• Work to complete
The lines below from the one with "Die 32 Quadratmeter" up to and including the one with "Prada brown leather" are what you should set down, exactly and without pictures.

• Excerpted data
----

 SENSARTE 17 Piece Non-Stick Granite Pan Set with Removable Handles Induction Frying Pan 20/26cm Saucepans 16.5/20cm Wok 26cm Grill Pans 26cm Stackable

----

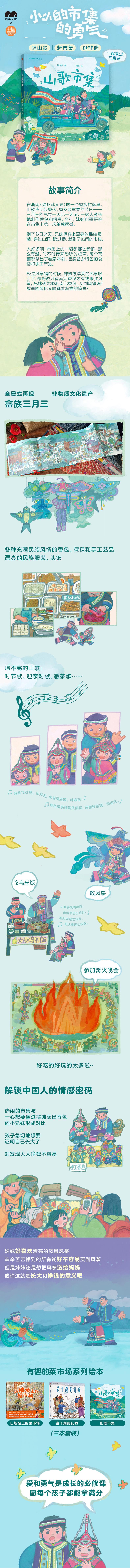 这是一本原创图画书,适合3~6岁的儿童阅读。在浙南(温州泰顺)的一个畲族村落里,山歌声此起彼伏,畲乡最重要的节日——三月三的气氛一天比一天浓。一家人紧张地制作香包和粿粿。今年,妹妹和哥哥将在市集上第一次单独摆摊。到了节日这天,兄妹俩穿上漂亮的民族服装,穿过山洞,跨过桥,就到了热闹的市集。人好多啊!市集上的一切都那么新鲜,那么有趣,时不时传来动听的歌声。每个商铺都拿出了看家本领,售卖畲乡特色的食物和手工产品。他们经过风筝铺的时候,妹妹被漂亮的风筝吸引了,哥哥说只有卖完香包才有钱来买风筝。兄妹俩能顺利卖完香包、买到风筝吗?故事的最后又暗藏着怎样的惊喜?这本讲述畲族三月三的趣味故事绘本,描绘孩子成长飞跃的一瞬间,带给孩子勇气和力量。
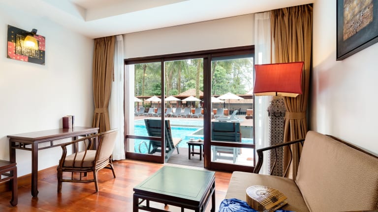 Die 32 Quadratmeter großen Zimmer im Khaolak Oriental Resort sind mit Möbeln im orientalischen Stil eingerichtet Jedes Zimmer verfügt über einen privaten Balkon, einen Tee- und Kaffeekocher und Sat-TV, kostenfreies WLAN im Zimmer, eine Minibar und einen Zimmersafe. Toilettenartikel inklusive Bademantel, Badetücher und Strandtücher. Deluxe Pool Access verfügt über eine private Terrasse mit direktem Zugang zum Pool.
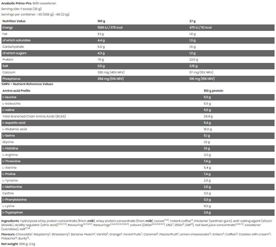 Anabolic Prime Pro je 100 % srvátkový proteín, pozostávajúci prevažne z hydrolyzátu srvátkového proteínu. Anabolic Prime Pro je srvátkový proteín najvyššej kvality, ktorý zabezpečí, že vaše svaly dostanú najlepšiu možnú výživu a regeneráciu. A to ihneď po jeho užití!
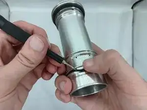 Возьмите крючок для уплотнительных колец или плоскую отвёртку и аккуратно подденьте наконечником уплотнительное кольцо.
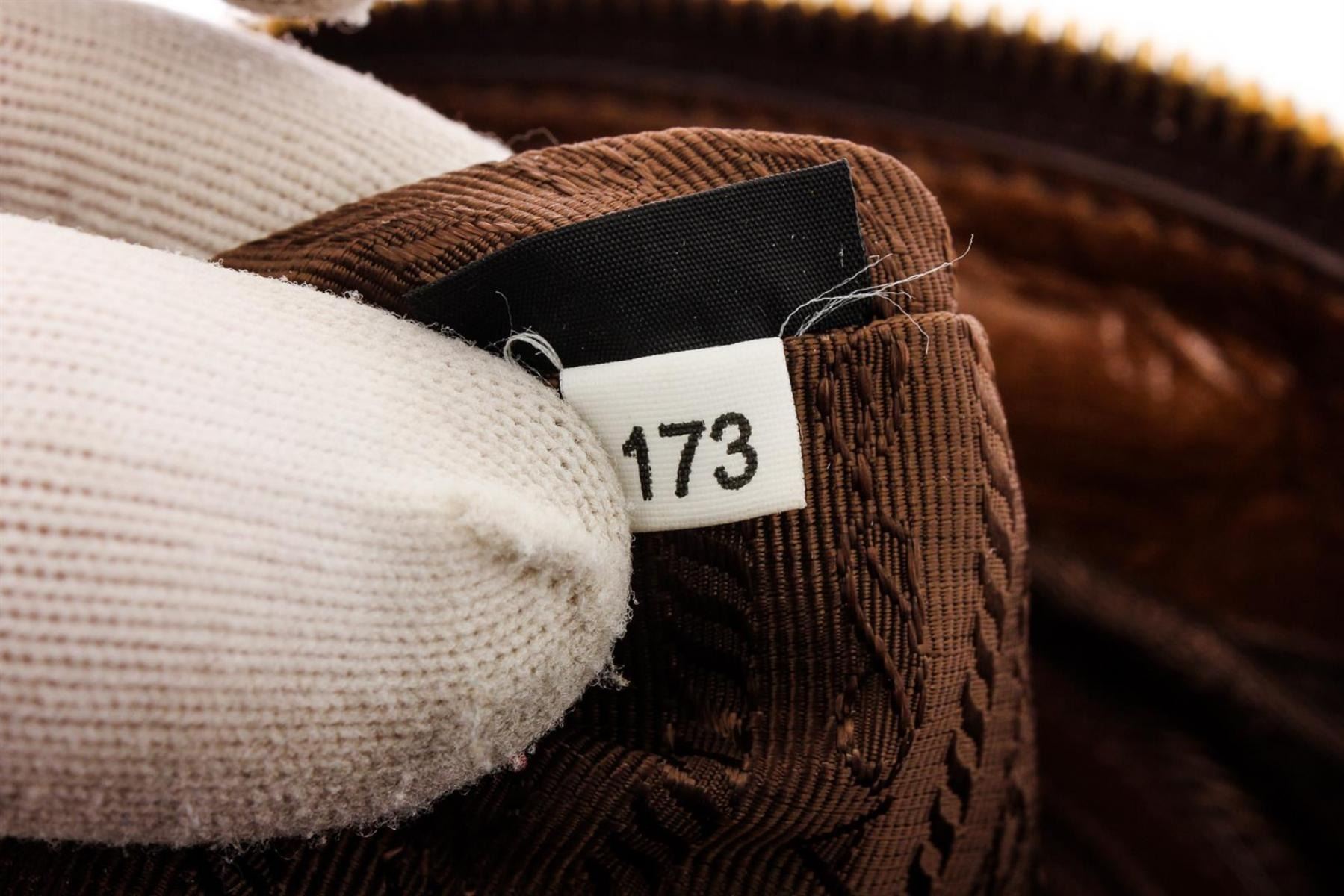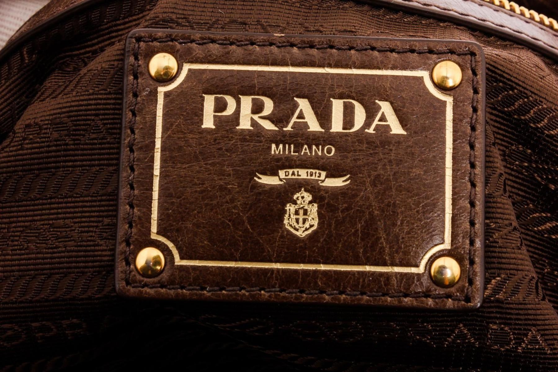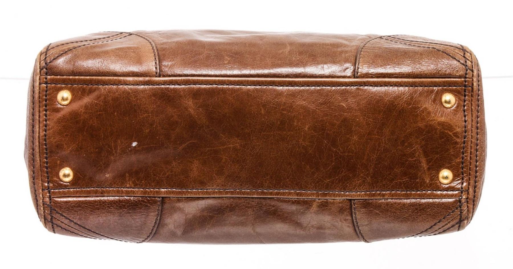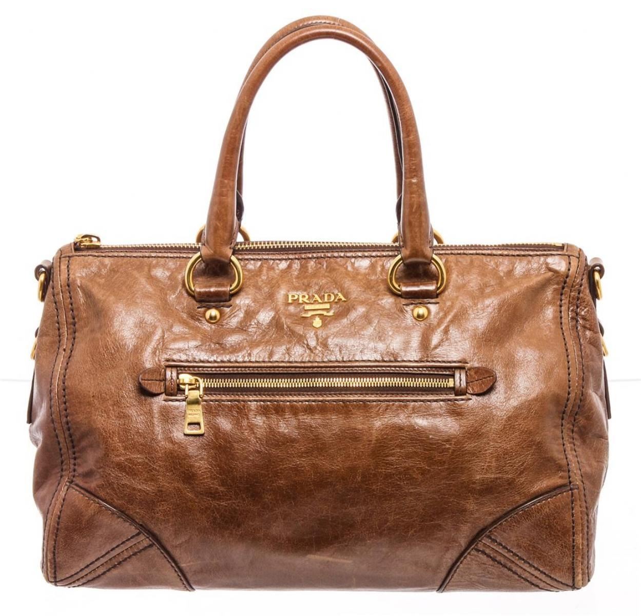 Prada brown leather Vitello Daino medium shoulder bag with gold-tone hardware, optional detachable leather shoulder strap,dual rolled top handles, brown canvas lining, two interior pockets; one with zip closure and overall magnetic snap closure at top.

----

• Result
 Die 32 Quadratmeter großen Zimmer im Khaolak Oriental Resort sind mit Möbeln im orientalischen Stil eingerichtet Jedes Zimmer verfügt über einen privaten Balkon, einen Tee- und Kaffeekocher und Sat-TV, kostenfreies WLAN im Zimmer, eine Minibar und einen Zimmersafe. Toilettenartikel inklusive Bademantel, Badetücher und Strandtücher. Deluxe Pool Access verfügt über eine private Terrasse mit direktem Zugang zum Pool.
 Anabolic Prime Pro je 100 % srvátkový proteín, pozostávajúci prevažne z hydrolyzátu srvátkového proteínu. Anabolic Prime Pro je srvátkový proteín najvyššej kvality, ktorý zabezpečí, že vaše svaly dostanú najlepšiu možnú výživu a regeneráciu. A to ihneď po jeho užití!
 Возьмите крючок для уплотнительных колец или плоскую отвёртку и аккуратно подденьте наконечником уплотнительное кольцо.
 Prada brown leather Vitello Daino medium shoulder bag with gold-tone hardware, optional detachable leather shoulder strap,dual rolled top handles, brown canvas lining, two interior pockets; one with zip closure and overall magnetic snap closure at top.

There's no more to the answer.